Alec Baldwin Taken To Hospital After Ingesting A Bunch of Fred's & Wilma's

Funny story written by Abel Rodriguez

Friday, 12 February 2010

image for Alec Baldwin Taken To Hospital After Ingesting A Bunch of Fred's & Wilma's
These are not Fred and Wilma Flintstone Vitamins; but they're as close as we could get - the budget and all.

NEW YORK CITY - Alec Baldwin, the star of 30 Rock, was rushed to Manhattan's Mickey Mantle Hospital, after allegedly swallowing a handful of Fred & Wilma Flintstone Vitamins.

Baldwin's semi-famous daughter Ireland, and her not-famous-at-all friend Scotland reportedly found Baldwin lying face down on the kitchen carpet with a #2 yellow pencil sticking out of is right ear, a Pilot Precise V5 RT Pen sticking out of his right nostril, and a (blank) sticking out of is (blank).

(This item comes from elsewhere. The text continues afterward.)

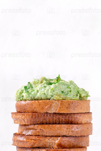 Паштет с зеленым горошком на стопке поджаренного отрубного хлеба на белом фоне. Копировать пространство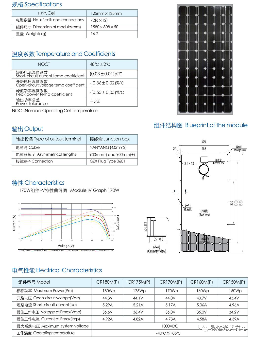 说明:1、本报价为系统的货物总价,包含安装、运输、施工等费用,直至系统正常运行。 2、其它项包括螺栓螺母、穿线管等配件费用; 3、本报价有效期为即日起15个日历日内。 4、系统的关键部件描述: 1) 太阳能电池板: 在太阳光的照射下将太阳能转换成电能输出,是整个光伏系统的核心部件。本系统采用电池组件共计200块,8块36V/170W(外形尺寸为1580×808×50)串联组成一组,然后进行并联,共计20组。我公司专业生产太阳能电池板,产品已经通过了CE、ISO9001、ISO14001认证,电池片效率20%以上,使用寿命25年以上。

At first the two girls started laughing thinking that Baldwin was just doing his Richard Simmons imitations again. But when Scotland noticed the (blank) sticking out of his (blank) she knew that it was not just a prank, because she remembered once seeing her quasi-gay uncle Bibster looking the same way.

Ireland, who is named after the country, (duh) told Scotland, named after her aunt Scotland Hargreaves, that she was going to call 911. But she shouted out to Scotty that she could not remember the number. Scotland quickly told her 9-1-1.

Within eight minutes an ambulance arrived and transported the human pin cushion to the hospital.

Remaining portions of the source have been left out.